# 2009 2.0 TDI - Door Handle Not Opening from Outside



## Hamzaali24 (2 d ago)

Door handle from outside driver side doesn’t open and the handle is loose, however the door opens from the inside handle. Before the door handle got loose today, when I press the unlock button on my key, the driver side door doesn’t open unless if I actually put the key in the lock then it works. Today I put the key in the lock and the door is handle is now loose and I can’t open the door at all from the outside. The handle can be pulled but it’s loose when I pull it.

What do I need to fix/ replace?

any suggestions would help thank you.


----------



## wecanseeformiles (7 mo ago)

It's a known issue and I had the same thing happen to me one day over Xmas on my 09 TDi while I was delivering Xmas presents, forcing me to repeatedly get in through the passenger door to unlock the driver's door from the inside.

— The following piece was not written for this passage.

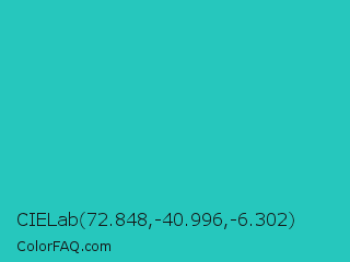 CIELab 72.848,-40.996,-6.302 Color is a normal cyan color and the nearest color is Java #1fc2c2. Hex code #26c7bd and RGB value is rgb(38,199,189). In RGB color space, this color is composed of 15% red, 78% green, 74% blue, In CMYK color space, this color is composed of 81% cyan, 0% magenta, 5% yellow , 22% black , In HSL color space, this color has a hue angle of 176° , 68% saturation and 46% lightness.

Curiously enough the driver's door worked fine the next day and I haven't had a problem since, but maybe I just got lucky. The only difference between me and you was that the exterior door handle didn't feel particularly looser when it didn't unlock the car.


----------



## wecanseeformiles (7 mo ago)

@Hamzaali24 there's more info on all the door lock issues here:
(2) FAQ - Door Locks & Key Fob Remote Not Working | Audi TT Forum


----------